Rather than face arrest or physical force, Pastor Childress and Ms. Hawkins ceased their expressive activity and moved per the officer’s order. The OPS officer, acting on behalf of NMAAHC, forced Pastor Childress and Ms. Hawkins to move to a location where they could not reach their target audience and where their message would be silenced. Indeed, the steady stream of busses that ran on Madison Drive between them and their target audience ensured that their pro-life message would be blocked. Moreover, this location prevents Pastor Childress and Ms. Hawkins from distributing literature and from engaging in the “conversation” with museum visitors that Mr. Bunch, the Director of NMAAHC and a defendant in this case, deemed so critical to the mission of the museum.
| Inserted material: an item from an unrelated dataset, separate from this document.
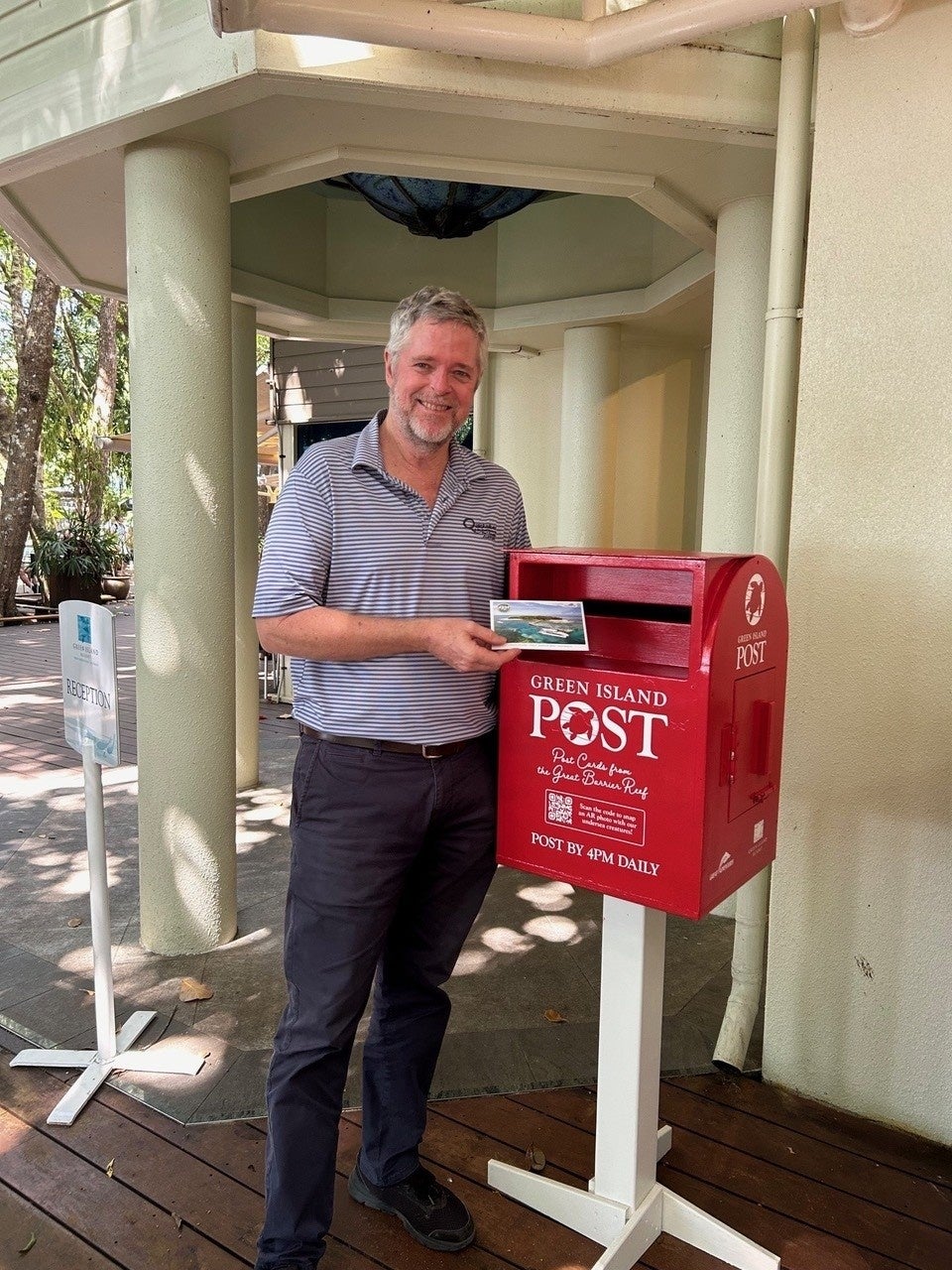 内容としては、100周年記念ポストカードの販売を期間限定で行います。記念ポストカードには、グリーン島とクルーズ船がデザインされており、旅の思い出にすることもできるほか、グリーン島のインフォメーションセンター前に周年を記念して新たに設置された郵便ポストに投函することで、グリーン島での体験や思い出を家族や友達に共有することもできます。さらに、郵便ポストにはQRコードが掲示されており、QRコードを読み込むと、ARフォトフレームが表示され、グリーン島付近に生息している海洋生物と一緒に写真を撮ることができます。

A photograph of the location where Pastor Childress and Ms. Hawkins were ordered to move to appears below:
CASE UPDATE (8/30/17): The federal government entered into a stipulation whereby it finally acknowledged that the public sidewalks outside of the museum were public fora open to the free speech rights of the pro-life demonstrators. The government also agreed to pay AFLC $4,500 in attorneys’ fees. The case is closed.